Saved data entries:
---

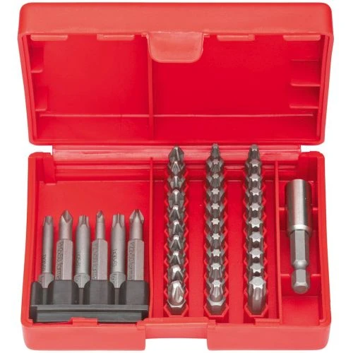 Wykonanie: bity ciągliwo-twarde w kasecie z tworzywa sztucznego. Bity rozmieszczone są w przejrzysty sposób, dzięki czemu można szybko wyciągnąć właściwe narzędzie.
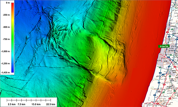 מפה של פני השטח מתחת לפני הים של הפרעת פלמחים. קו החוף באדום, האלמוגים בעומק בינוני בירוק-צהבהב ונביעות המתאן באזור הכחול הכהה | מקור: יצחק מקובסקי, אוניברסיטת חיפה, דו"ח ל-FRA
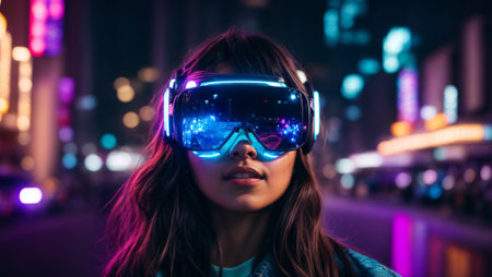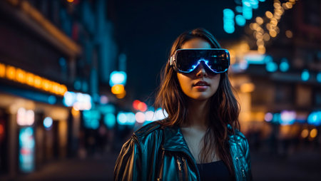 Portrait of a beautiful girl in virtual reality glasses on the street at night
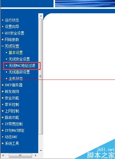 2、在左側的導航欄中,找到“無線設置”----“無線MAC地址過濾”!
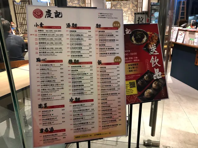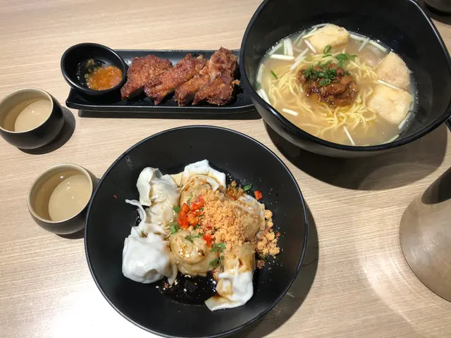餐廳裝潢挺有feel的,採用電話落單,點了生煎胡椒包、紅油百花抄手、香酥排骨拼滷肉慶麵、麻辣擔擔麵及飲品凍豆漿兩支。
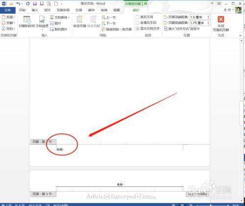 页脚的操作方式与页眉相同,设置完成后,如下图所示,每页的页眉和页脚都不相同了。
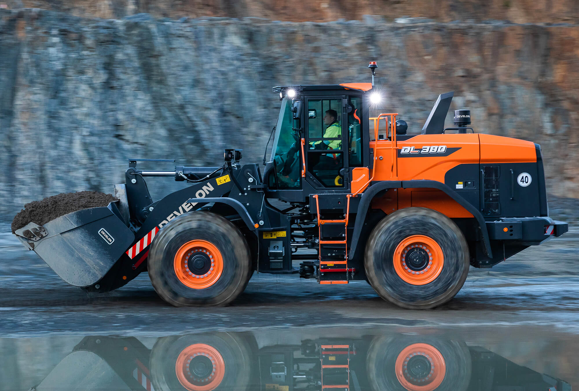 Boost your productivity with the new DL380-7 Develon wheel loaders.
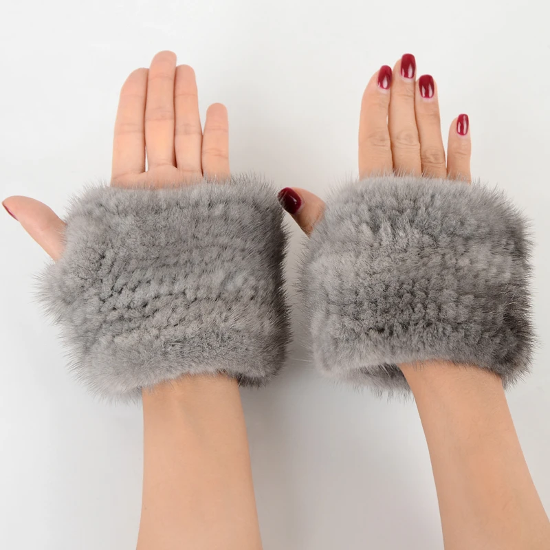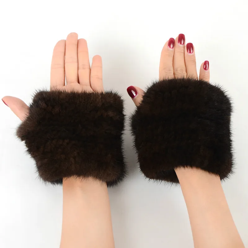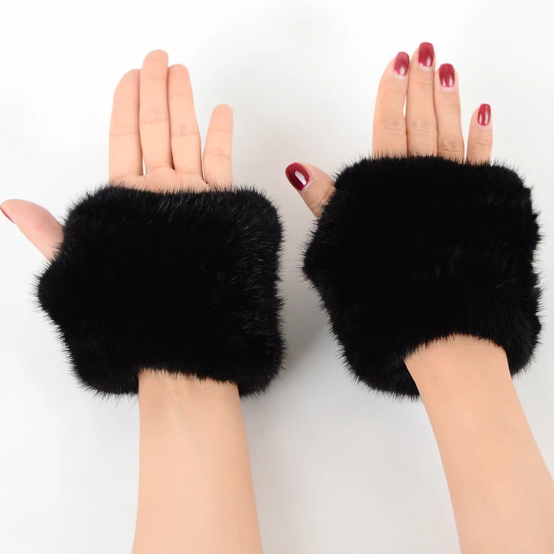 2020 Модные Эластичные Перчатки Без Пальцев Вязаные Женские Черные Из Натурального Меха Норка Новые Зимние Перчатки Без Пальцев
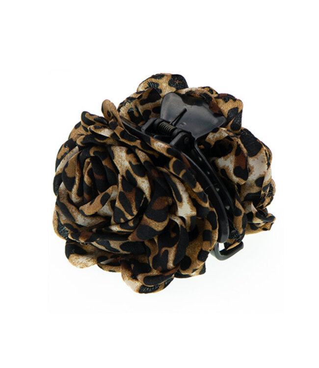 Met deze stevige haarklem zet je je haar in een handomdraai vast. De mooie trendy panterprint laat je haarstijl er gelijk feestelijk uitzien. Door de gebruikte stof heeft de bloem een mooi volume. De kleuren van de bloem zijn gemakkelijk te combineren met effen kleuren kleding in natuurlijke tinten zoals bruin, beige en zwart.
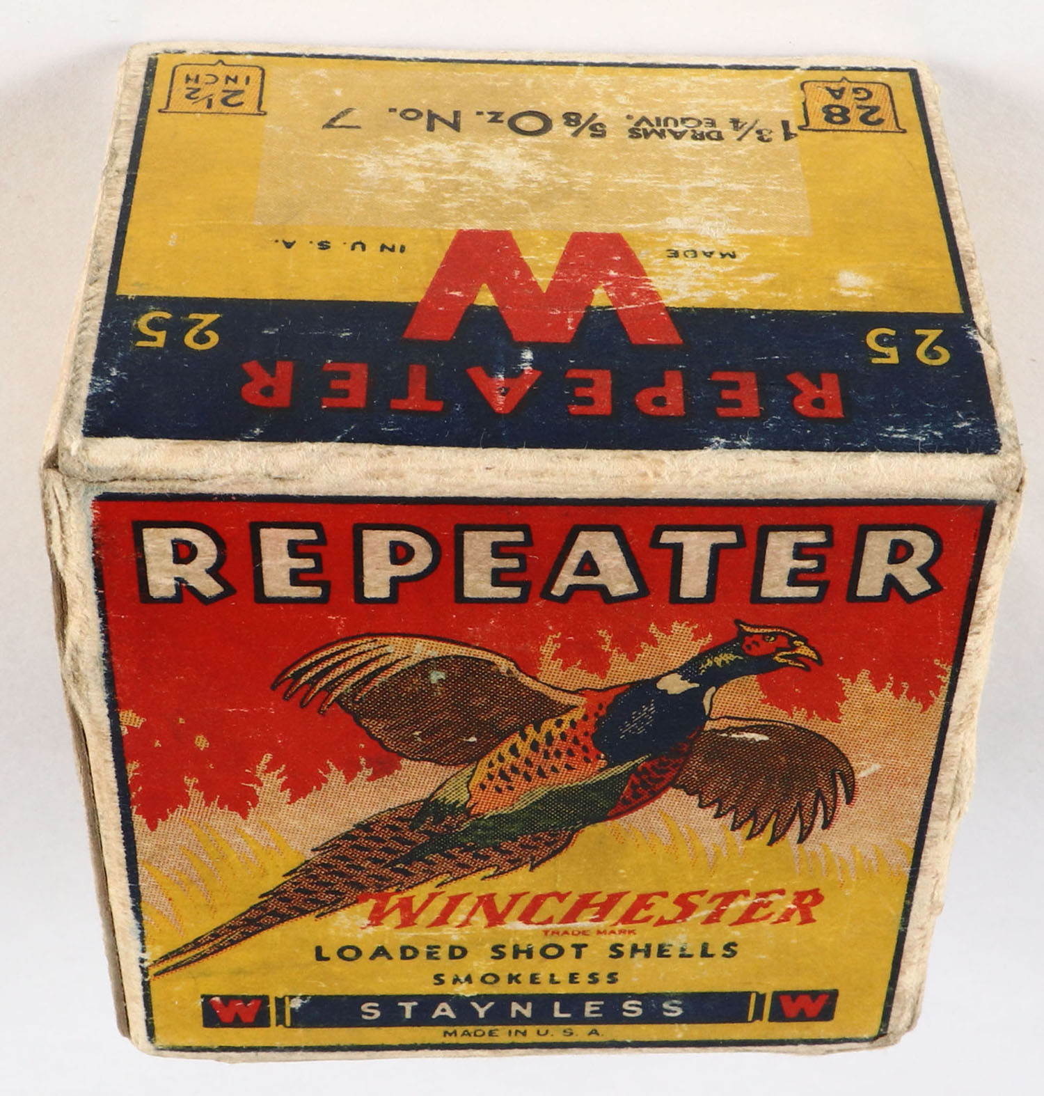 VERY RARE Winchester, PHEASANT BOX, REPEATER, 28ga., 1pc., FULL, Multi-colored PHEASANT BOX!!! Loading: 1 3/4 Drams, 5/8 Oz., 7 Shot, 2 1/2'', box is very solid with light scuffing & light edge wear, box has very nice colors, shells are excellent, HARD TO FIND BOX! Grade: Very Good ++ - Value: 2000 to 6000
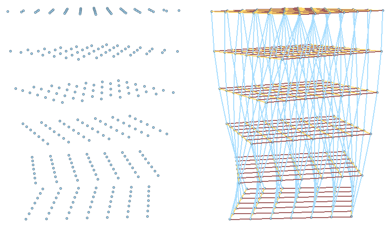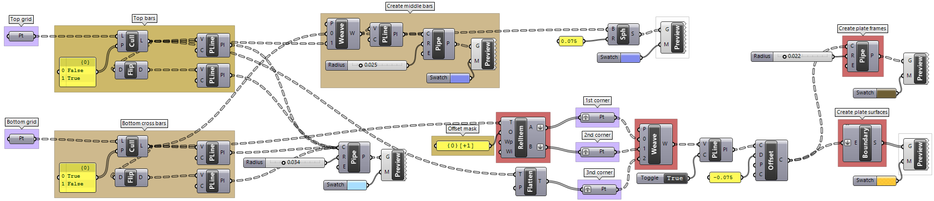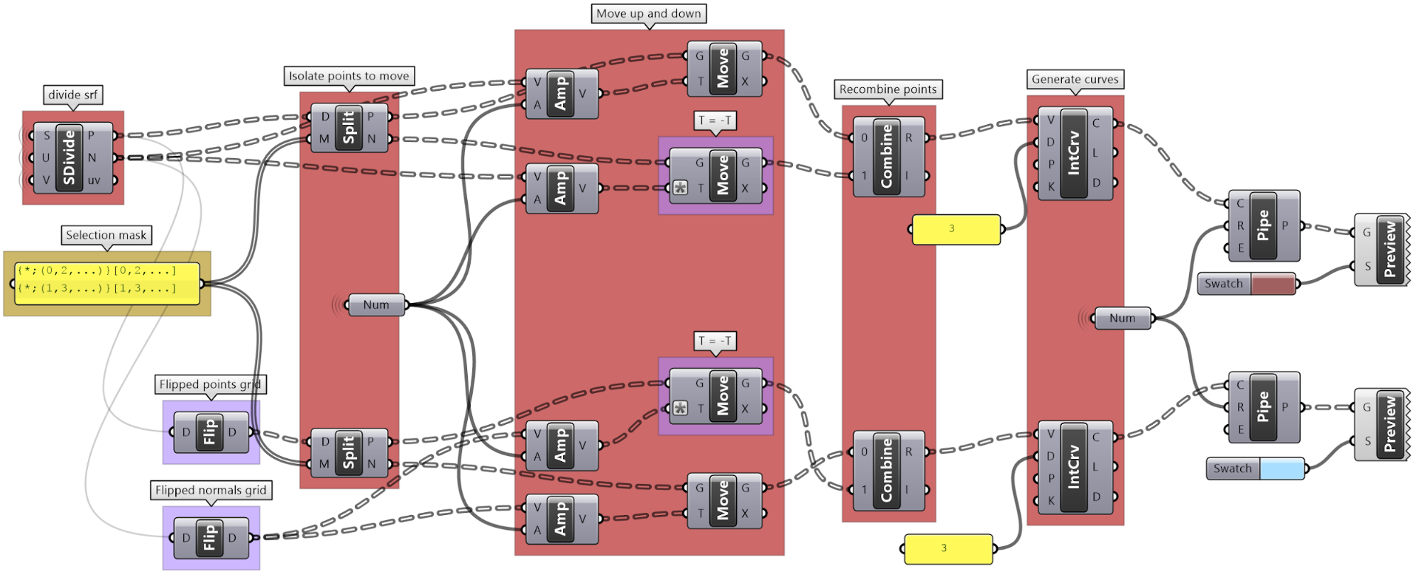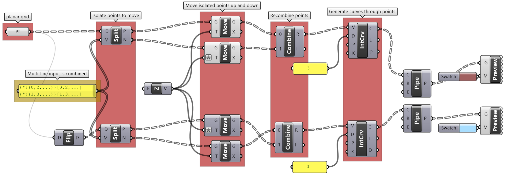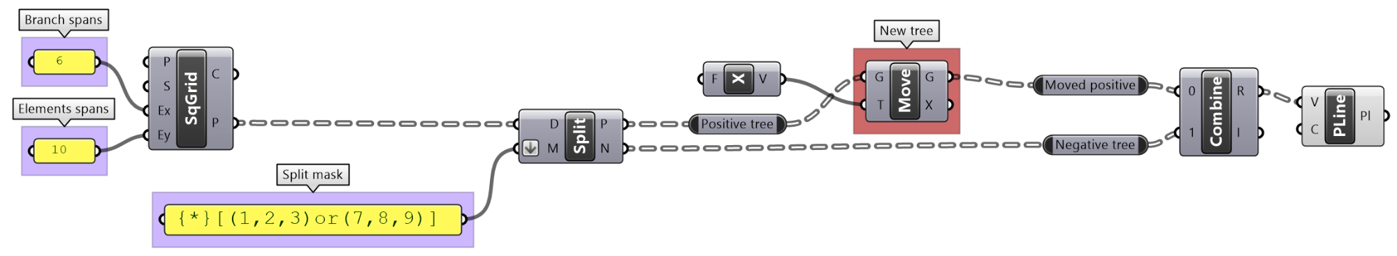One of the common applications that uses split tree functionality is when you have a grid of points that you like to transform a subset of. When splitting, the structure of the original tree is preserved, and the elements that are split out are replaced with null. Therefore, when applying transformation to the split tree, it is easy to recombine back. Suppose you have a grid with 7 branches and 11 elements in each branch, and you’d like to shift elements between indices 1-3 and 7-9. You can use the split tree to help isolate the points you need to move using the mask: {*}[ (1,2,3) or (7,8,9) ], move the positive tree, then recombine back with the negative tree.

---

● **Work item**
Output every entry word for word, but omit the pictures.

● **Problem solution**
 Wykonanie: bity ciągliwo-twarde w kasecie z tworzywa sztucznego. Bity rozmieszczone są w przejrzysty sposób, dzięki czemu można szybko wyciągnąć właściwe narzędzie.
 מפה של פני השטח מתחת לפני הים של הפרעת פלמחים. קו החוף באדום, האלמוגים בעומק בינוני בירוק-צהבהב ונביעות המתאן באזור הכחול הכהה | מקור: יצחק מקובסקי, אוניברסיטת חיפה, דו"ח ל-FRA
 Portrait of a beautiful girl in virtual reality glasses on the street at night
 2、在左側的導航欄中,找到“無線設置”----“無線MAC地址過濾”!
餐廳裝潢挺有feel的,採用電話落單,點了生煎胡椒包、紅油百花抄手、香酥排骨拼滷肉慶麵、麻辣擔擔麵及飲品凍豆漿兩支。
 页脚的操作方式与页眉相同,设置完成后,如下图所示,每页的页眉和页脚都不相同了。
 Boost your productivity with the new DL380-7 Develon wheel loaders.
 2020 Модные Эластичные Перчатки Без Пальцев Вязаные Женские Черные Из Натурального Меха Норка Новые Зимние Перчатки Без Пальцев
 Met deze stevige haarklem zet je je haar in een handomdraai vast. De mooie trendy panterprint laat je haarstijl er gelijk feestelijk uitzien. Door de gebruikte stof heeft de bloem een mooi volume. De kleuren van de bloem zijn gemakkelijk te combineren met effen kleuren kleding in natuurlijke tinten zoals bruin, beige en zwart.
 VERY RARE Winchester, PHEASANT BOX, REPEATER, 28ga., 1pc., FULL, Multi-colored PHEASANT BOX!!! Loading: 1 3/4 Drams, 5/8 Oz., 7 Shot, 2 1/2'', box is very solid with light scuffing & light edge wear, box has very nice colors, shells are excellent, HARD TO FIND BOX! Grade: Very Good ++ - Value: 2000 to 6000
One of the common applications that uses split tree functionality is when you have a grid of points that you like to transform a subset of. When splitting, the structure of the original tree is preserved, and the elements that are split out are replaced with null. Therefore, when applying transformation to the split tree, it is easy to recombine back. Suppose you have a grid with 7 branches and 11 elements in each branch, and you’d like to shift elements between indices 1-3 and 7-9. You can use the split tree to help isolate the points you need to move using the mask: {*}[ (1,2,3) or (7,8,9) ], move the positive tree, then recombine back with the negative tree.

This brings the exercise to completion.